Bhind is a city in the Indian state of Madhya Pradesh. It is the headquarters of the Bhind district.

== Geography ==
Bhind is located at . It has an average elevation of 474 metres (1555 ft).

==Demographics==
As of 2011 Indian Census, Bhind had a total population of 197,585, of which 105,352 were males and 92,233 were females. Population within the age group of 0 to 6 years was 25,358. The total number of literates in Bhind was 142,923, which constituted 72.3% of the population with male literacy of 77.9% and female literacy of 65.9%. The effective literacy rate of 7+ population of Bhind was 83.0%, of which male literacy rate was 89.6% and female literacy rate was 75.4%. The Scheduled Castes and Scheduled Tribes population was 39,267 and 1,832 respectively. Bhind had 33592 households in 2011.
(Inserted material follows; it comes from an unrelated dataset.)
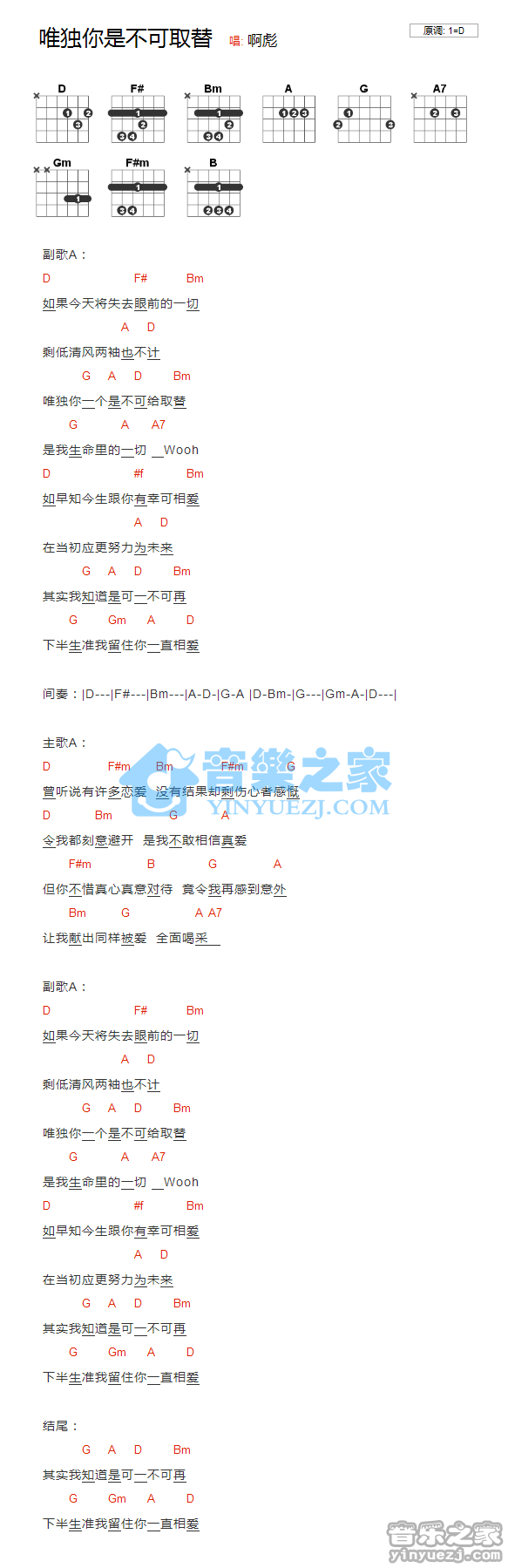 吉他郑秀文《唯独你是不可取替》吉他谱_吉他弹唱谱_YYZJ编配

As of 2001 India census, Bhind had a population of 153,768. Males constitute 54% of the population.

==Place of interest==
- Ater Fort, it was built by Bhadauria kings Badan Singh, Maha Singh and Bakhat Singh between 1664 and 1668.
- Vankhandeshwar Temple: It is located in Bhind town. It is a Shiv Mandir built by the king, Prathwiraj Chauhan in 1175 AD. It is told that "Jyoti" is continuously flamed since then.

== Notable personalities ==

- Satendra Singh Lohiya, Indian swimmer
- Arvind Singh Bhadoria, Indian Politician
- Bhagirath Prasad, Retd. Indian Administrative Service Officer, Ex. Lok Sabha MP. & Ex. Vice Chancellor DAVV Indore
- Chaudhary Rakesh Singh Chaturvedi, Indian Politician
- Lal Singh Arya, Former Minister MP Govt., National President BJP SC Morcha.

==Transportation==
- Bhind railway station is main station of city, major trains halt here.